Re: Abundance estimate with CJS

PostPosted: Wed Mar 22, 2017 9:30 am
by SoConfused
Thank you for that! I'm not sure how to restrict it to a single thread - google tells me that I would have had to use mark.wrapper.parallel() for parallel processing, but I'm just using mark.wrapper(). Is there an internal command that sets parallel = FALSE somewhere that I haven't found?

Re: Abundance estimate with CJS

PostPosted: Wed Mar 22, 2017 10:07 am
by cooch
SoConfused wrote:Thank you for that! I'm not sure how to restrict it to a single thread - google tells me that I would have had to use mark.wrapper.parallel() for parallel processing, but I'm just using mark.wrapper(). Is there an internal command that sets parallel = FALSE somewhere that I haven't found?


From the command line, when running MARK, you set the threads using -threads option. For example,

mark -threads=-3 i=dipper.inp o=dipper.lst

Here, -threads=-3 means use 3 threads less than maximum. So, if your machine has max 4 threads, the above would run MARK using only 1 thread (4-3=1).
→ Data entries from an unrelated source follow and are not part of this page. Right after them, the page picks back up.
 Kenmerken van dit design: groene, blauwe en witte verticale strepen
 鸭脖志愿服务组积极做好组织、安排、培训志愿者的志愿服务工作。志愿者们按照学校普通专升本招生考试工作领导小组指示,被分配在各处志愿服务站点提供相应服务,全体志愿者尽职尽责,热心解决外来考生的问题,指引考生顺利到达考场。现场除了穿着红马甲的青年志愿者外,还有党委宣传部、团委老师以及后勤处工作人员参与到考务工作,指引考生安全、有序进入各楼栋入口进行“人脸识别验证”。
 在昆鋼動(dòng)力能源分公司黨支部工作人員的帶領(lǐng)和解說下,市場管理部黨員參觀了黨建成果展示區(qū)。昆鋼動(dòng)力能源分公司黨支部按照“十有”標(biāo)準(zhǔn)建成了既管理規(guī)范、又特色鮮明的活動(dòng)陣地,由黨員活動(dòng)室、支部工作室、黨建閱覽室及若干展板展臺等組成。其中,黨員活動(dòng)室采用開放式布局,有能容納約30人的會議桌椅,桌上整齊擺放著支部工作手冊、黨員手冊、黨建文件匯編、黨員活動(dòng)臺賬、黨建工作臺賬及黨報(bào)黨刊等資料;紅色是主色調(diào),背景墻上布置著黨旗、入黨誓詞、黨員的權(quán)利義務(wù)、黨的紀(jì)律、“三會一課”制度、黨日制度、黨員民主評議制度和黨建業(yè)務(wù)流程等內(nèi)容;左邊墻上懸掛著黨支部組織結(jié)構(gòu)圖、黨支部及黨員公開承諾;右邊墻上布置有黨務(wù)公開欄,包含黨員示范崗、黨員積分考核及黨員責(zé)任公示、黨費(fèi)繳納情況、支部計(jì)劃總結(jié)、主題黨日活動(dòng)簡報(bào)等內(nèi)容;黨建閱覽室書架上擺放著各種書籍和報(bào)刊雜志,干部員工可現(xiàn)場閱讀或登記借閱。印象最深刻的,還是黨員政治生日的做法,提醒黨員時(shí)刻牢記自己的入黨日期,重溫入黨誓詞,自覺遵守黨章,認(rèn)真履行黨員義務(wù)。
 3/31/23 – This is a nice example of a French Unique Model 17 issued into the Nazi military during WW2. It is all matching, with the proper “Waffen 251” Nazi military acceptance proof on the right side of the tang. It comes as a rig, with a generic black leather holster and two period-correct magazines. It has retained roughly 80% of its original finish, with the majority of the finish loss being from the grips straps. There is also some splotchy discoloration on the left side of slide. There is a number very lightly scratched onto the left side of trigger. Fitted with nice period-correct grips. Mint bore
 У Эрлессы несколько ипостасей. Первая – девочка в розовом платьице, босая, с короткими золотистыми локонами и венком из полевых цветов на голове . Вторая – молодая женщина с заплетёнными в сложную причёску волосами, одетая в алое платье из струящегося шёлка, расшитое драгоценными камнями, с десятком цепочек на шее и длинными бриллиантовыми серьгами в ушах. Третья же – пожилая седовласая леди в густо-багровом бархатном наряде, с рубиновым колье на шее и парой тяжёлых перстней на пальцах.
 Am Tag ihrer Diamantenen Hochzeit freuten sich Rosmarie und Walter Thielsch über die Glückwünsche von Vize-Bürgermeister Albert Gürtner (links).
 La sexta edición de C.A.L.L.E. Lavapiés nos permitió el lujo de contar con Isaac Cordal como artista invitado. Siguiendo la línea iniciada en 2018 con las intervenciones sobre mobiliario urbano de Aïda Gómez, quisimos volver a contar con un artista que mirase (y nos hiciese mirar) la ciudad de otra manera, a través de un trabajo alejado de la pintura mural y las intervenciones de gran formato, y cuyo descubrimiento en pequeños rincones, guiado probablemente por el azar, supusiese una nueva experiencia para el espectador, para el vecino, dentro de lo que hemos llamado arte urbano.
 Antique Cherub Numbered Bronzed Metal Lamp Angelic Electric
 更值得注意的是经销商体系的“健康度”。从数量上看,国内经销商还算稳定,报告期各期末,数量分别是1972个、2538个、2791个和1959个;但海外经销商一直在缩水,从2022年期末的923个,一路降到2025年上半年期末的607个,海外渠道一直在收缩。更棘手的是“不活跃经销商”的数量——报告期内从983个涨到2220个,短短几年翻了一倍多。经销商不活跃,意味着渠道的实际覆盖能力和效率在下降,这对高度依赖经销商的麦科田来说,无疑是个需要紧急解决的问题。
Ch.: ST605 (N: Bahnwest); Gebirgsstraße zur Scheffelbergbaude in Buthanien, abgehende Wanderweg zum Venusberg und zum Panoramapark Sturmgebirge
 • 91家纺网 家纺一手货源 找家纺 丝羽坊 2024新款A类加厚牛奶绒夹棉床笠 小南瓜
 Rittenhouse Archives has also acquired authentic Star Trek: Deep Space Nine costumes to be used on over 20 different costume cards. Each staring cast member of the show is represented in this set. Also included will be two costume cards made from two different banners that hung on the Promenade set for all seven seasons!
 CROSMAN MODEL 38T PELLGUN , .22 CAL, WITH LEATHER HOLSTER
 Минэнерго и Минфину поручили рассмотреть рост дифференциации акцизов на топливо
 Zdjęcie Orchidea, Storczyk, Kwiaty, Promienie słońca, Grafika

If your machine had max 8 threads, you'd use -threads=-7, and so on.

How you accomplish this with RMark is something Jeff would have to answer.

I'll restrict further comment on the 'utility' of deriving abundance estimates from an open CJS model in the first place, and make the point that whatever small differences you see in running using multiple cores will be trivial relative to the uncertainty in the abundance estimates.

Re: Abundance estimate with CJS

PostPosted: Wed Mar 22, 2017 10:49 am
by SoConfused
I'll restrict further comment on the 'utility' of deriving abundance estimates from an open CJS model in the first place


I tried running the POPAN model for my data, but I seemed to have run into a problem (and posted a question here http://www.phidot.org/forum/viewtopic.php?f=21&t=3440). It seems to be due to including an individual covariate (weight at release) in the survival estimates? Do I have to choose whether I want to estimate survival well (and use a covariate with CJS) or get an abundance estimate (and use POPAN with no covariate)?

Re: Abundance estimate with CJS

PostPosted: Wed Mar 22, 2017 11:10 am
by jlaake
Use argument threads=1 in call to mark or mark.wrapper.